MagMod is a unique system that employs earth magnets and silicone rubber to modify the light quality of your speedlight. We have previously reviewed some of the MagMod accessories, and today we are taking a closer look at MagBounce – a magnetic reflector / bouncer.
The MagBounce comes in a compact premium box that includes a microfiber carrying pouch. As we mentioned in the earlier reviews, we really like reusing the MagMod boxes for small things around the studio, like, for example, the Frio cold shoe or even batteries. The cloth pouch is nice to have, especially when you carry multiple MagMod items together.
The MagMod MagBounce reflector is molded out of white silicone rubber. It attaches to your flash using the MagGrip band and integrated magnets. The MagGrip is sold separately, but it can be used with other MagMod accessories.
In the past, we used some light modifiers that had troubles staying securely attached to the flash head under certain circumstances. Well, this is definitely not a problem with the MagBounce. In fact, the magnets are so strong that you can lift the flash by grabbing the MagBounce. You can even lift the flash with the camera it's attached to. Obviously, we do not recommend doing it, and we only did it to test the strength of the magnets ;).
The MagMod MagBounce is perfect for the event photography when the flash has to stay on camera and you move around a lot: weddings, parties, concerts, etc. It can also be used as a small softbox alternative for off-camera applications.
When capturing the moment, you often need to rotate your camera from landscape to portrait orientation. For the flash bouncer to still point toward the subject, it needs to be mounted on a narrow side of the flash head. Some speedlight reflectors, like LumiQuest Quik Bounce, designed to be permanently mounted on the narrow side. With the MagBounce, you can simply turn it 90 degrees when shooting in portrait orientation. Since the magnets are so easy to attach and detach, the switch is almost instant. The following images show how the MagBounce employs 4 magnets to mount along the longer and shorter edges of the flash head.
We have to note that the MagBounce is a relatively heavy speedlight modifier. We don't have problems with its weight itself, which is about 10 oz / 280 grams (including the MagGrip). However, some flashes, like, for example, Phottix Mitros, do not lock heads in the vertical position, and the MagBounce is heavy enough to cause the flash head to slam down when moving around. This is a fairly common issue with speedlight modifiers. We've seen the same problem with early versions of Rogue FlashBenders or Gary Fong Lightsphere, for example. So, we recommend checking your flash head if you are considering this modifier for on-camera work.
Judging by the size, we expected the light quality of the MagMod MagBounce to be similar to its rival. However, we expected the light loss to be higher compared to the competition, since the MagMod unit is made of the rubber, and therefore, some of the light comes through its bounce surface. We were pleasantly surprised that the MagBounce performs similarly to other reflectors both in terms of the light quality and light loss.
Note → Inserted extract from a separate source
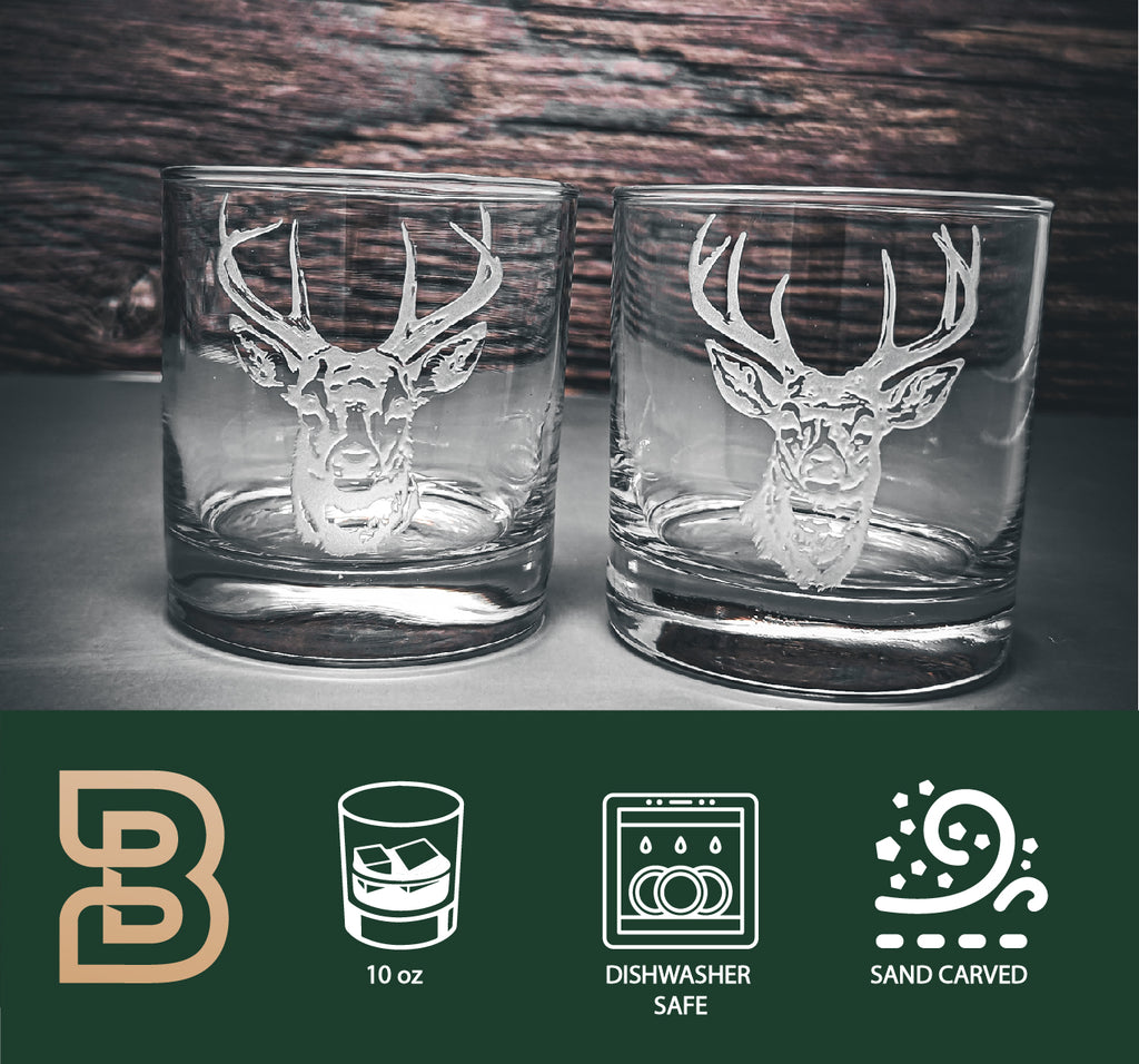 • Intricate Design: Expertly crafted using traditional sand-carving techniques, each glass features a detailed and durable deer design that stands out with sophistication.

As you can see in the following series of images, there is no significant difference in the exposure between the photos taken with the three speedlight diffusers (the flash power was set to same manual value in all test shots). If anything, the MagBounce spreads the light a bit wider horizontally, which is good for group photography.
The portraits below are the examples of using the MagBounce on location.
In our tests, the light quality wasn't varying too much depending on the flash zoom, but we found that the values starting from 70mm were causing some additional light loss. So, we recommend setting the flash zoom between 20mm and 50mm. The left image below shows how the light hits the surface of the MagBounce at 20mm, and the right photo is taken at 200mm flash zoom.
Since the MagBounce is a part of the MagMod family, if can be easily mixed with the MagGel if you need to color-correct your flash or add a color effect. Simply slap the gel holder between the bouncer and the MagGrip, and you are good to go.
Finally, we want to add that the MagBounce is very portable. You can squish and stick it into your gear bag (with or without the carrying pouch). When you pull it out, the MagBounce instantly pops open.
To sum up, the MagMod MagBounce is a great speedlight reflector, which can instantly attach to a flash that wears a MagGrip band. The light quality is great (arguably, slightly better than competition) for a modifier of this size. It can be used on- and off-camera with or without gels. It works perfectly with most flashes, but it should be used with caution with some speedlights that don't have a head lock. It is priced competitively, currently at about 50 USD (please check the latest prices below). The required MagGrip band, however, will cost you additional 25 USD, but you are buying into a great system that delivers an extremely high speed of interchanging and combining multiple speedlight accessories. We can certainly recommend the MagBounce for photography professionals and hobbyists alike.